While he is now the Deputy Prime Minister, Muhyiddin, who is Umno's deputy president, is still his boss in the party.

This will not be the first time Umno is in this unique situation.

There was a time during Tun Dr Mahathir Mohamad's premiership and presidency when Tun Musa Hitam was the deputy president of the party but no longer served as Deputy Prime Minister, a post held by the then Umno vice-president Tun Ghafar Baba.

"I am still in touch with Muhyiddin. In fact, he called to congratulate me. I'm humbled and touched by the gesture. I told him that Allah is testing us. He told me he accepts what has happened as fate. Tan Sri Muhyiddin is a true statesman," reveals Dr Ahmad Zahid.

The Umno vice-president is confident that the removal of Muhyiddin will not split Umno, especially when the Pagoh MP himself has publicly spoken about his loyalty to the party after his removal.

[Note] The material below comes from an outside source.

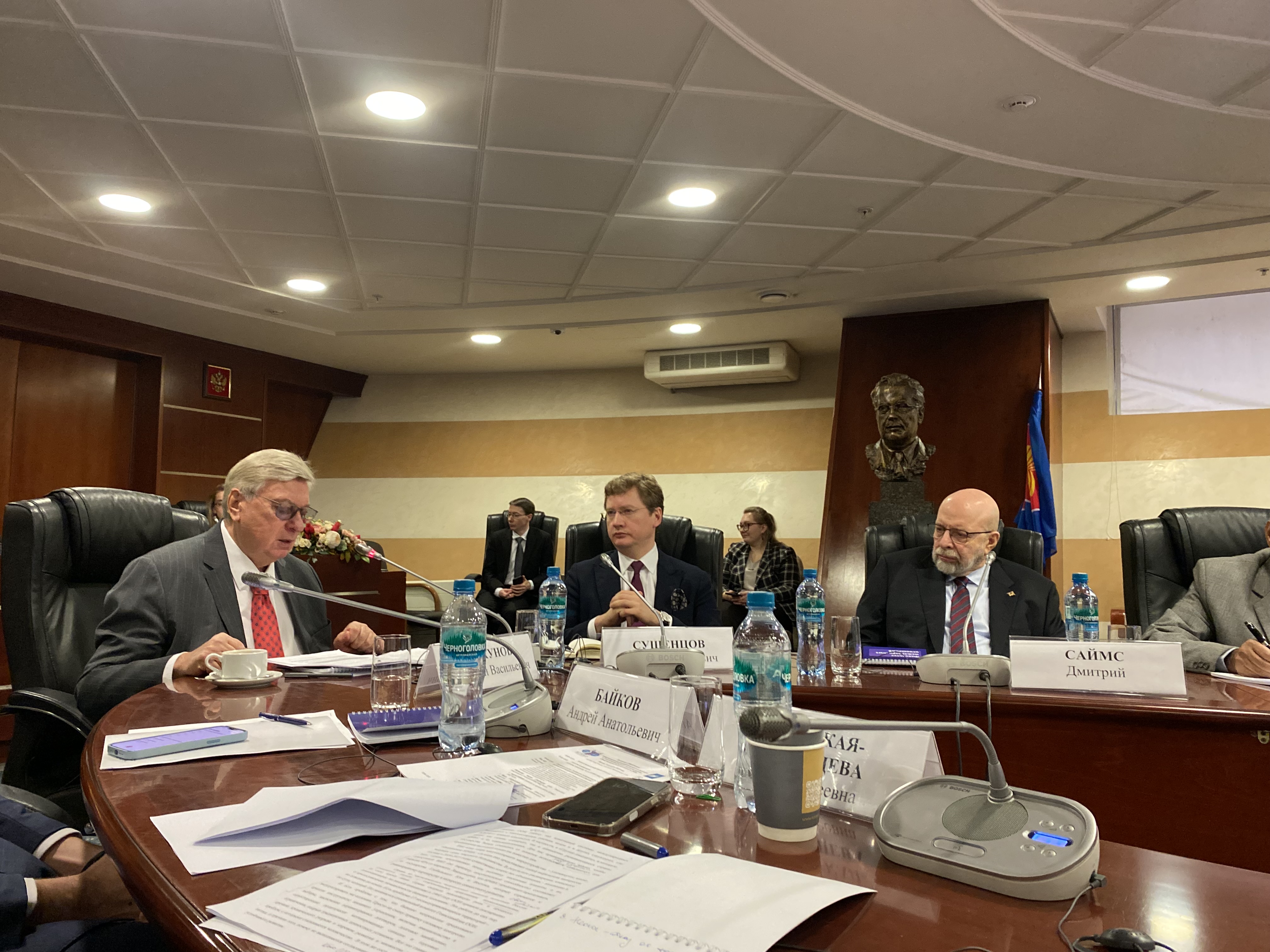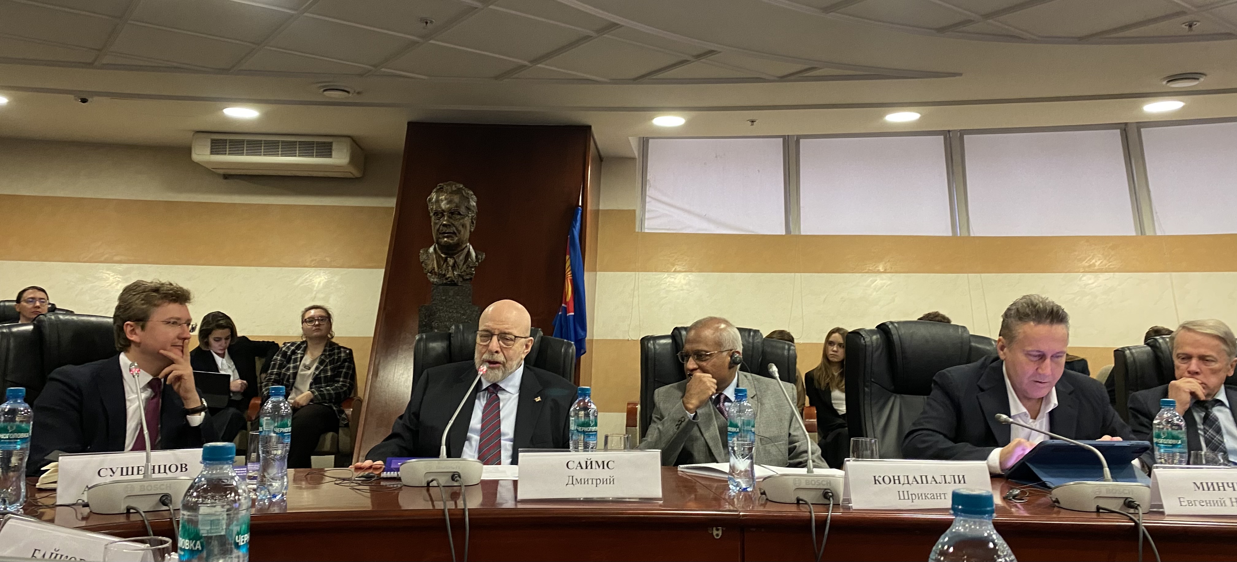 В пленарной сессии конференции «Глобальная турбулентность: возможна ли новая архитектура безопасности в Евразии?» приняли участие ректор МГИМО академик А.В.Торкунов, проректор по научной работе А.А.Байков, заместитель директора Департамента внешнеполитического планирования МИД России М.С.Ходынская-Голенищева, профессор МГИМО, ведущий программы «Большая игра» на Первом канале Д.Саймс, профессор Центра восточноазиатских исследований Университета Джавахарлала Неру Шрикант Кондапалли, профессор Института международных исследований Фуданьского университета (КНР) Чжао Хуашэн. Модератором сессии выступил декан Факультета международных отношений А.А.Сушенцов.

"There will always be rumblings but I hope it is only temporary. We need to strengthen party unity because we cannot face our enemies if the party is weak and broken," he points out.

It will be interesting to see how Dr Ahmad Zahid's relationship with the other two vice-presidents - Datuk Seri Shafie Apdal and Datuk Seri Hishammuddin Hussein - evolves after this.

The trio has been together since their Umno Youth days back in the 1980s and as Dr Ahmad Zahid puts it, they have been through thick and thin.

And now, their relationship will be somewhat tested as they are no longer peers. One of them is now the boss.

To this, Dr Ahmad Zahid says: "It is unfortunate that the Number Two post is only one. I didn't beat anyone for this position but was given the opportunity. Shafie and Hishammuddin are still my peers."

He says he has not been in contact with Shafie since he was removed as Rural and Regional Development Minister and understands if his friend is hurt and slighted over what has happened.

Dr Ahmad Zahid, who is also Home Minister, denies that the Cabinet reshuffle is to ensure that everyone is in sync with the Prime Minister on the 1MDB issue.

"This is not to divert attention. This is about problem solving, to better diverse the composition of the Cabinet.

"People are questioning why members of the Public Accounts Committee have been appointed into the Government. I think the Prime Minister is not doing justice if these capable people are denied the opportunity to be part of his team," says Dr Ahmad Zahid.